Have you ever paused mid-sip of your mundane coffee and pondered, "What's the meaning of life?" Me too. A lot. Perhaps too much, especially before breakfast. Anyway, let me spin you a yarn about Dr. Jane Physics, an AI scientist whose life took an odd turn thanks to a quirky birthday gift—a potato battery kit. Yes, potatoes can change lives and fry your circuits—literally.
Dr. Physics, not her real name but who cares about details when you're staring into the abyss of code and existential doom, was an overachiever. At the ripe age of 12, she won her first Science Fair by programming her family's toaster to burn weather patterns onto bread. Flash forward a few decades, and now she's chilling at the University of Something Cool in California (USC obviously stands for this), turning physics on its head while contemplating whether any of this matters.

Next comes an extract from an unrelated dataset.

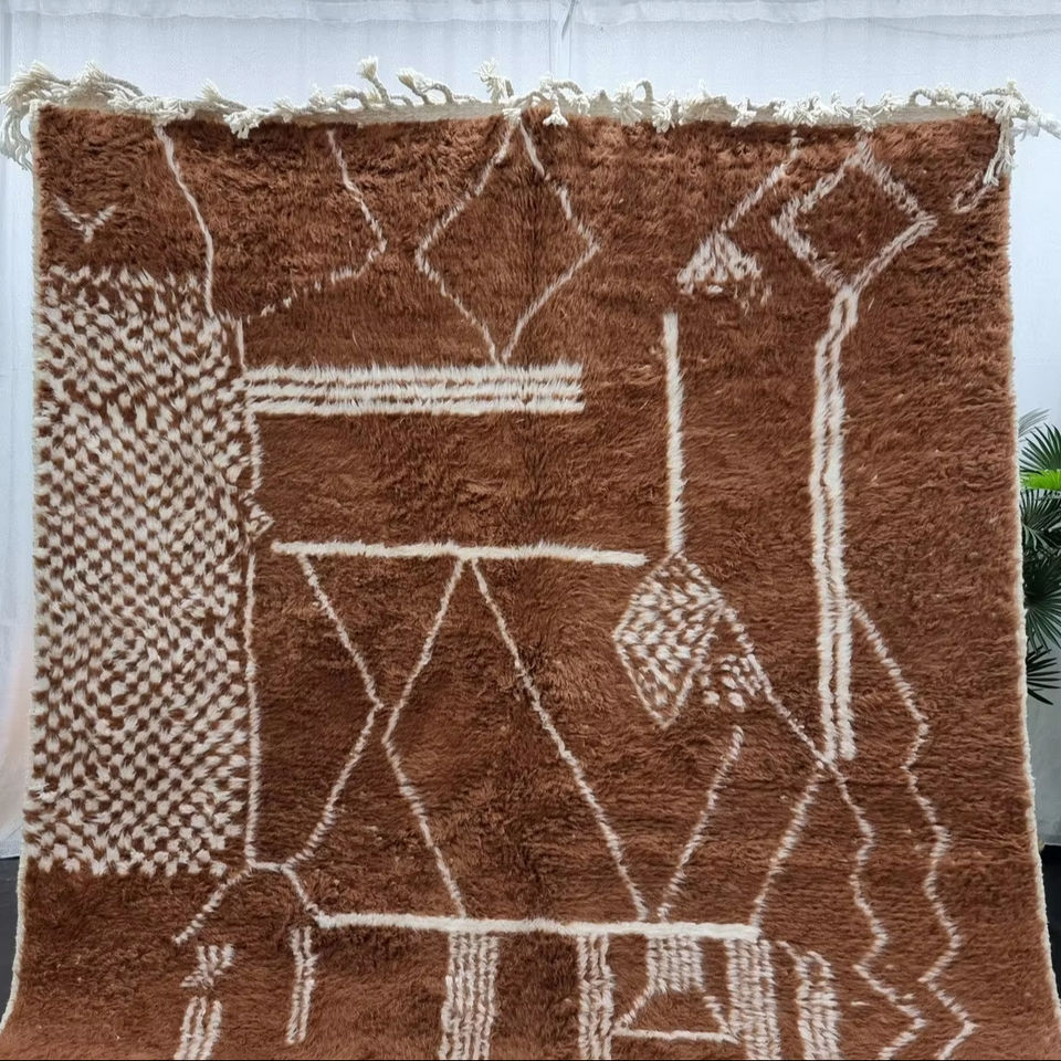 High Quality Moroccan Wool Rug Brown Abstract Handmade Area Rug with High Pile Manufacturer Supplier Offering Wholesale Price
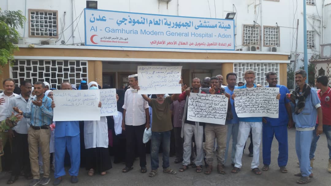 اضرابهم ووقفتهم الإحتجاجية للإسبوع الثاني ,للمطالبة بحقوقهم ومستحقاتهم ويناشدون محافظ عدن احمد لملس بتشكيل لجنة للتحقيق في فساد إدارة مستشفى الجمهورية., وكما عبر المعتصمون انهم يعانون من تردي الخدمات وسوء معاملة الادارة لهم وفسادها.

When not meddling with the framework of reality or pondering the sweet release of death, Jane dreams of AI assistants who aren’t just glorified calculators. No, she wants a real AI buddy, one that gets her dark humor and doesn't judge her snack choices. She envisions working with these digital mates to solve like... really important stuff. Hurricane patterns? Sure. Traffic during rush hour? Why not. The eternal void within human existence? Weekends only.
Last heard, President Joe somebody (you know, the one with the nice smile) awarded her something shiny for making machines less dumb. It's a bittersweet victory—like eating a hotdog without mustard.

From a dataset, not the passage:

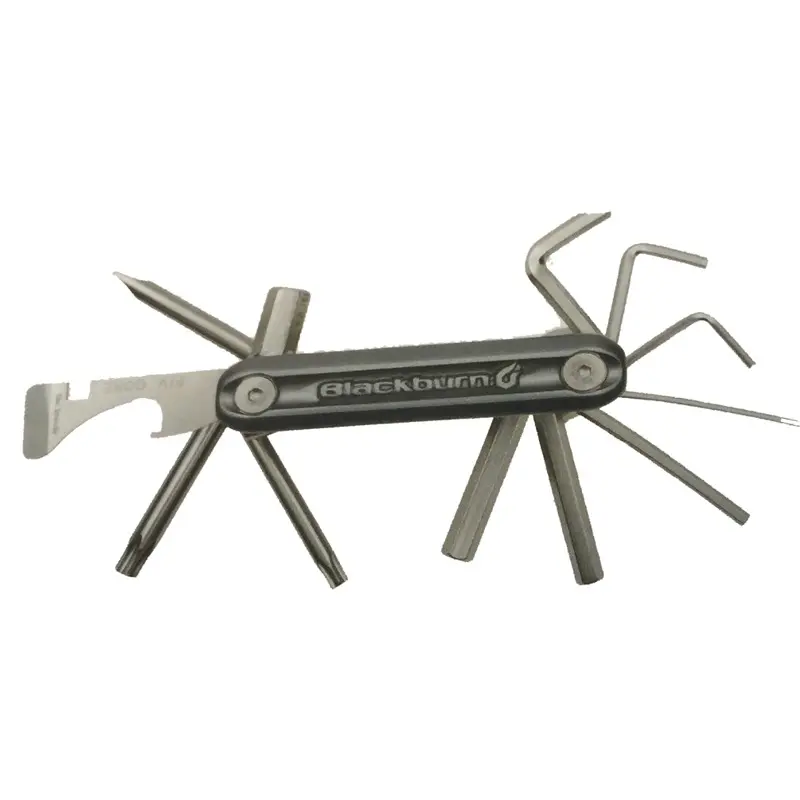 Blackburn Grid 13 Multi-Tool GreyThe Blackburn Grid 13 Multi-Tool features a compact design and nice engraved logo. Includes a flat head screwdriver, T30 and T25 Torx heads, an 8mm hollow hex head, disc pad spreader/p/v core tool, bottle opener, and 1.5, 2, 2.5, 3, 4, and 6 mm hex heads. Backed with a lifetime warranty.768686678004
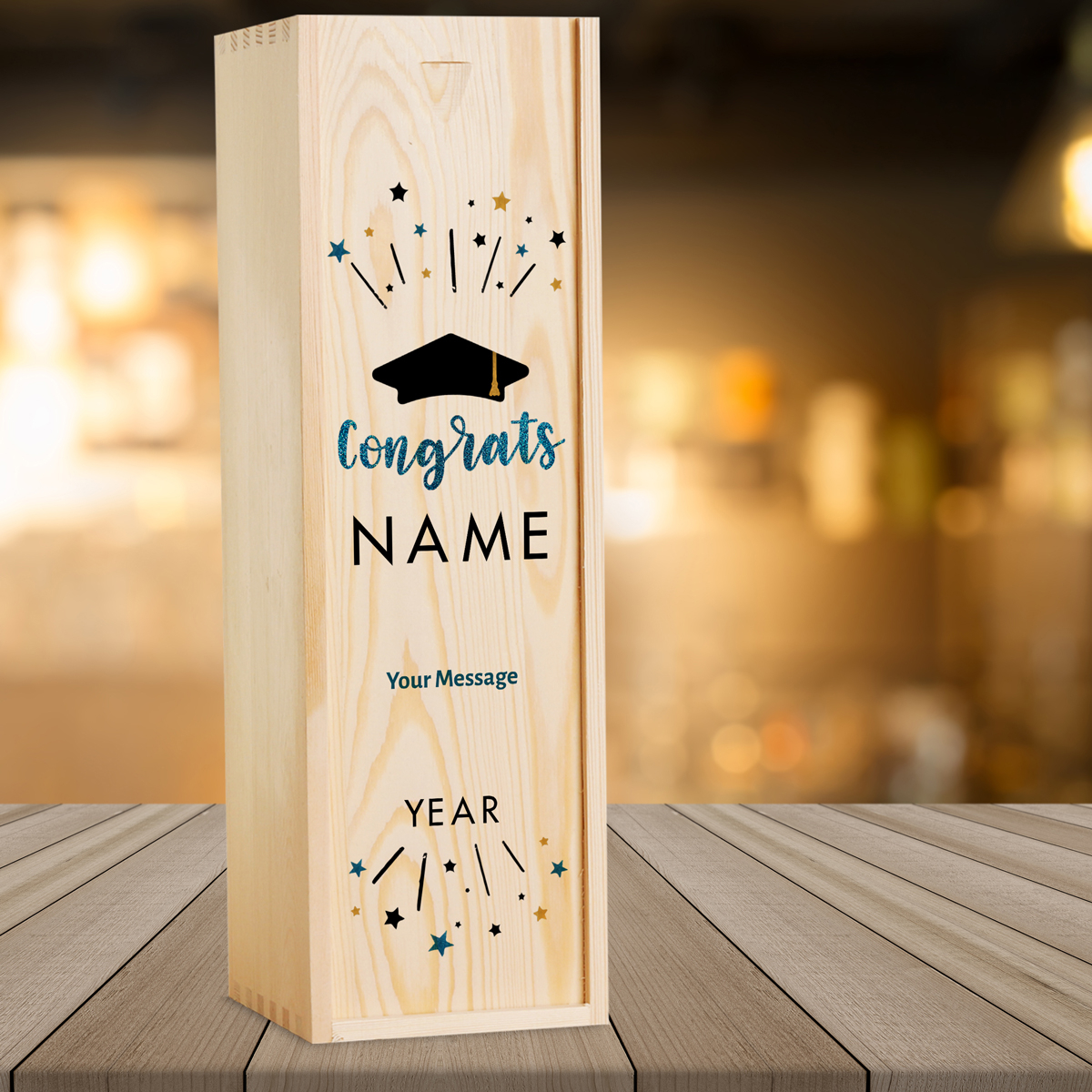 Congrats Graduation Personalised Single Wooden Champagne Box

So, here’s to Dr. Physics, a true poet of binary despair. And remember, the next time you feel alone in this vast, uncaring universe, consider this – at least you're not a PhD. in AI, stuck explaining to a room of blank faces why your research may lead to your own obsolescence. Ha, dying alone just got upgraded to a group event!
Based on the original article "How to Make AI Faster and Smarter—With a Little Help from Physics".